ACTIVITY
Nothing but text lines should be duplicated: start with the first line of the listing below and stop after the line holding "1300 - الشيخ", omitting pictures.

THE RECORDS

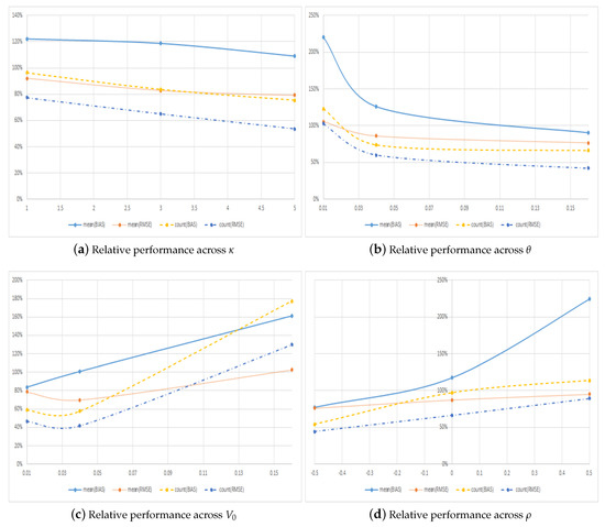 In terms of performance across parameters, Figure 6 and Table 7 show that the symmetric method performs relatively better the faster the volatility mean reverts, i.e., the larger the value of in Figure 6a, and the larger the value of the long-term variance, i.e., the larger the value of in Figure 6b. The last of these findings is completely in line with the results from our benchmark model where symmetric pricing was most important for high values of the asset volatility. Figure 6d shows that the symmetric method performs relatively better when correlations are negative, which is indeed the empirically most relevant case in the stochastic volatility model of Heston (1993). When the correlation is highly negative and , the symmetric method has errors in terms of bias and RMSE that are around lower than the regular method and has the largest errors for only around one third of the individual options. The effect on the relative performance of the initial variance, , is less clear cut though Figure 6c does indicate that the symmetric method performs relatively better when is not too extreme, and in particular not too high.
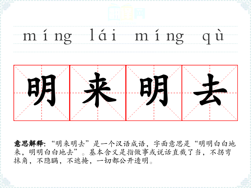 在文学作品中,“明来明去”常用来形容人物性格直率,行为光明磊落。在口语中,人们常用这个成语来形容某人做事干脆利落,不拖泥带水。在专业领域,如法律或商业谈判中,这个成语可以用来强调信息的透明度和交易的公正性。
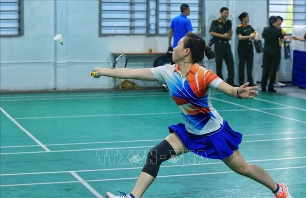 | Các vận động viên Quân khu 7 thi đấu cầu lông đôi nữ. |
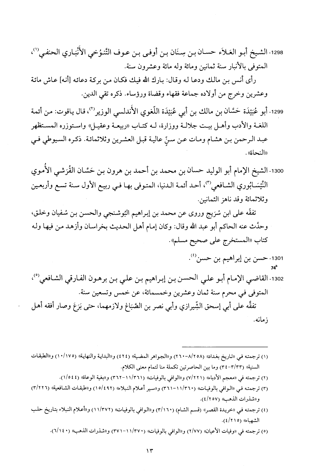 1300 - الشيخ الإمام أبو الوليد حسان بن محمد بن أحمد بن هرون بن حَسَّان القُرَشي الأُموي النَّيْسَابُوري الشافعي (¬3)، أحد أئمة الدنيا، المتوفى بها في ربيع الأول سنة تسع وأربعين وثلاثمائة وقد ناهز الثمانين.
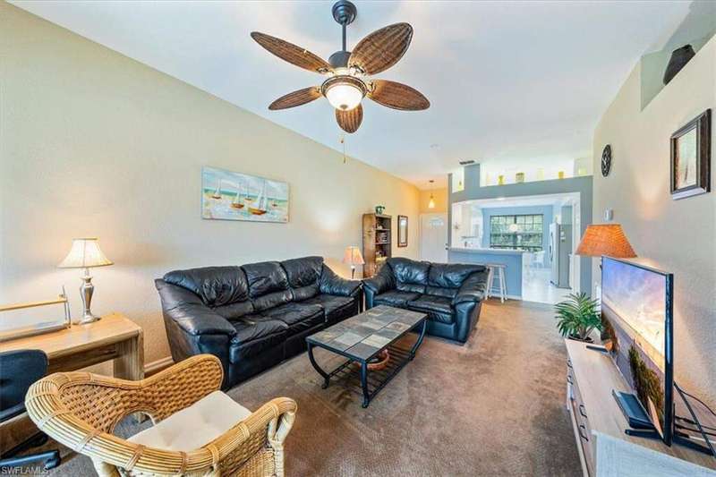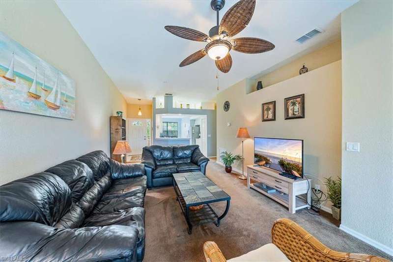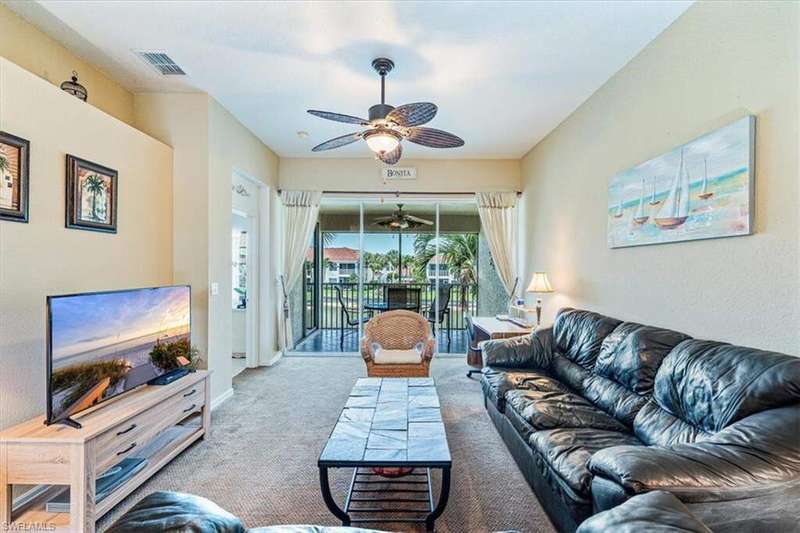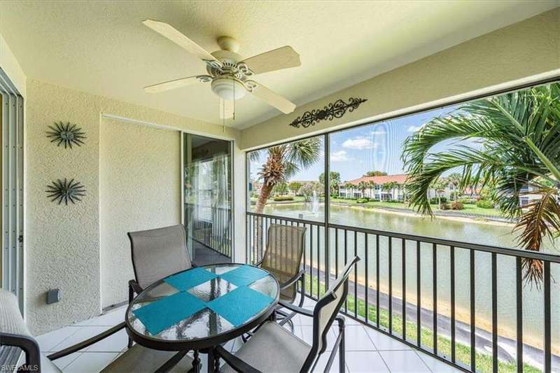 Enjoy Florida sunsets from your west facing covered balcony with unobstructed lake views. This 2 bed/2 bath is a split bedroom floorplan affords privacy between the primary and secondary suite, while the spacious great room is ideal for entertaining. Lighthouse Bay is a gated community uniquely situated in the heart of Southwest Florida. You are only minutes away from Coconut Point, RSW Airport, Gulf beaches, and dozens of golf courses. Within the gates, Lighthouse Bay offers 5 pools, a fitness center plus sauna, 2 boat houses, a clubhouse with multiple rec rooms and affiliations to the Brooks Commons Club! Available for rent May 2025 through December 2025.
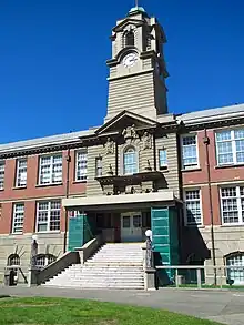 During the Second World War, the Young Building was converted into a military hospital.[10] In 1946, the building was returned to its original function as an educational institution shared between the Normal School and Victoria College, which were united in 1956.
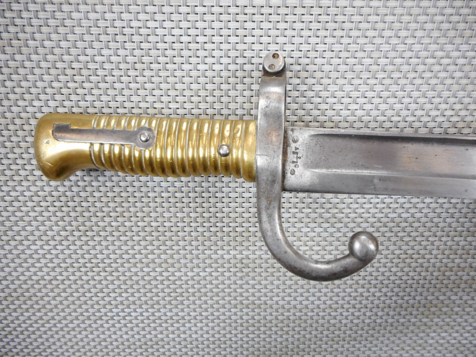 FRENCH 1866 PATTERN YATAGHAN BAYONET , PROOF MARKS ON RICASSO AND CROSSGUARD ALSO MARKED K 10290, BLADE BACKSIDE ETCHED _ DE ST. ETIENNE MARS 1868, NO SCABBARD
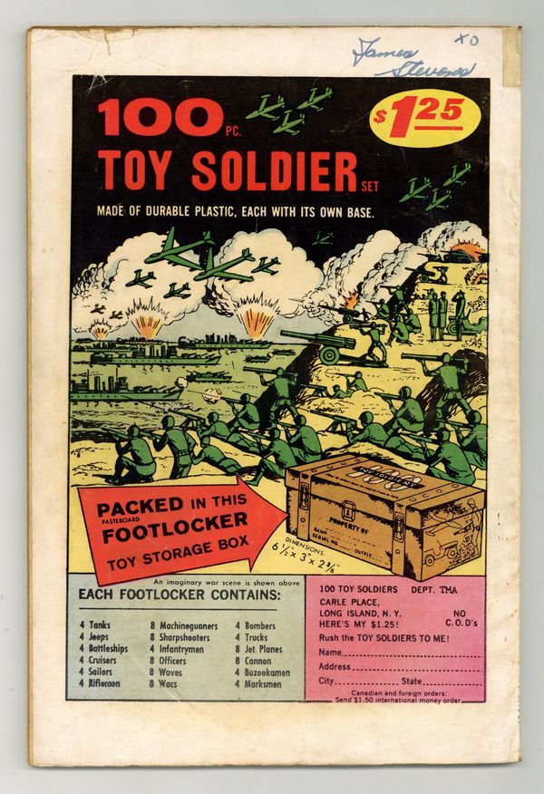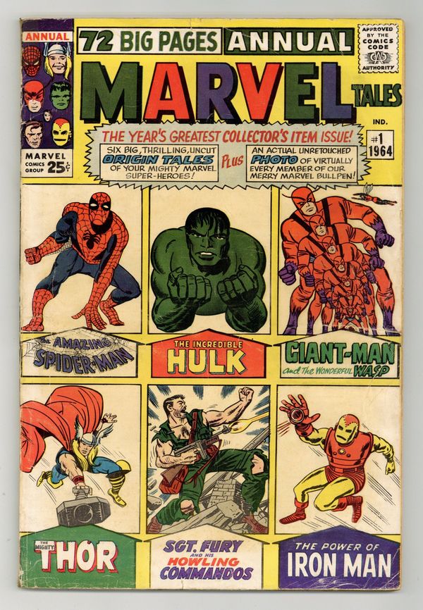 Reprints: Amazing Fantasy 15 (1st Spider-Man) by Steve Ditko; Hulk 1 by Jack Kirby, Tales to Astonish 35 (Ant-Man); Tales to Astonish 49 (Giant Man), Tales of Suspense 39 & 48 (1st Iron Man), Journey into Mystery 83 (1st Thor) by Kirby, and Sgt. Fury 1 by Kirby. Kirby photo. Cover price $0.25.

EXERCISE SOLUTION
 In terms of performance across parameters, Figure 6 and Table 7 show that the symmetric method performs relatively better the faster the volatility mean reverts, i.e., the larger the value of in Figure 6a, and the larger the value of the long-term variance, i.e., the larger the value of in Figure 6b. The last of these findings is completely in line with the results from our benchmark model where symmetric pricing was most important for high values of the asset volatility. Figure 6d shows that the symmetric method performs relatively better when correlations are negative, which is indeed the empirically most relevant case in the stochastic volatility model of Heston (1993). When the correlation is highly negative and , the symmetric method has errors in terms of bias and RMSE that are around lower than the regular method and has the largest errors for only around one third of the individual options. The effect on the relative performance of the initial variance, , is less clear cut though Figure 6c does indicate that the symmetric method performs relatively better when is not too extreme, and in particular not too high.
 在文学作品中,“明来明去”常用来形容人物性格直率,行为光明磊落。在口语中,人们常用这个成语来形容某人做事干脆利落,不拖泥带水。在专业领域,如法律或商业谈判中,这个成语可以用来强调信息的透明度和交易的公正性。
 | Các vận động viên Quân khu 7 thi đấu cầu lông đôi nữ. |
 1300 - الشيخ الإمام أبو الوليد حسان بن محمد بن أحمد بن هرون بن حَسَّان القُرَشي الأُموي النَّيْسَابُوري الشافعي (¬3)، أحد أئمة الدنيا، المتوفى بها في ربيع الأول سنة تسع وأربعين وثلاثمائة وقد ناهز الثمانين.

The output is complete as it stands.